* [COLLECTED MATERIAL]:
======
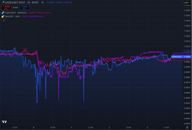 USDe、USDC(紅色)和DAI(紫色)價格對比
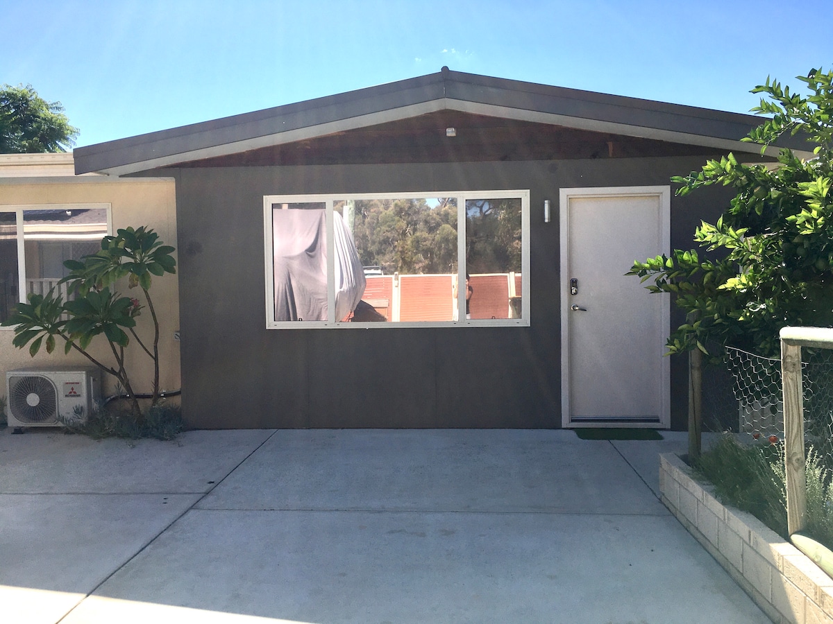 Profitez d'être à seulement 4 minutes à pied du centre du meilleur restaurant de Perth. Idéalement situé, il se trouve à 10 minutes en bus du centre-ville. En voiture, il faut environ 10 minutes pour se rendre à Curtin Uni ou au stade Optus, 20 minutes pour se rendre à l'aéroport de Perth, 25 minutes pour se rendre à Cottesloe Beach ou aux chutes de Lesmurdie. Vous reconnaîtrez la maison près du jardin indigène inspiré des sentiers de randonnée locaux. Les voyageurs ont une entrée privée et un accès exclusif à une chambre principale, une salle de bain et un salon/une deuxième chambre (pas de cuisine).
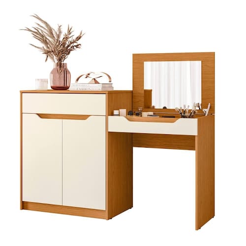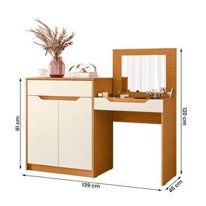 Material: MDP, espelho 45cm x 36cm, tampo basculante com divisória interna;
======
* [WORK TO COMPLETE]:
Write out the listing above exactly as it stands, pictures excluded.

* [OUTPUT OF THE EXERCISE]:
 USDe、USDC(紅色)和DAI(紫色)價格對比
 Profitez d'être à seulement 4 minutes à pied du centre du meilleur restaurant de Perth. Idéalement situé, il se trouve à 10 minutes en bus du centre-ville. En voiture, il faut environ 10 minutes pour se rendre à Curtin Uni ou au stade Optus, 20 minutes pour se rendre à l'aéroport de Perth, 25 minutes pour se rendre à Cottesloe Beach ou aux chutes de Lesmurdie. Vous reconnaîtrez la maison près du jardin indigène inspiré des sentiers de randonnée locaux. Les voyageurs ont une entrée privée et un accès exclusif à une chambre principale, une salle de bain et un salon/une deuxième chambre (pas de cuisine).
 Material: MDP, espelho 45cm x 36cm, tampo basculante com divisória interna;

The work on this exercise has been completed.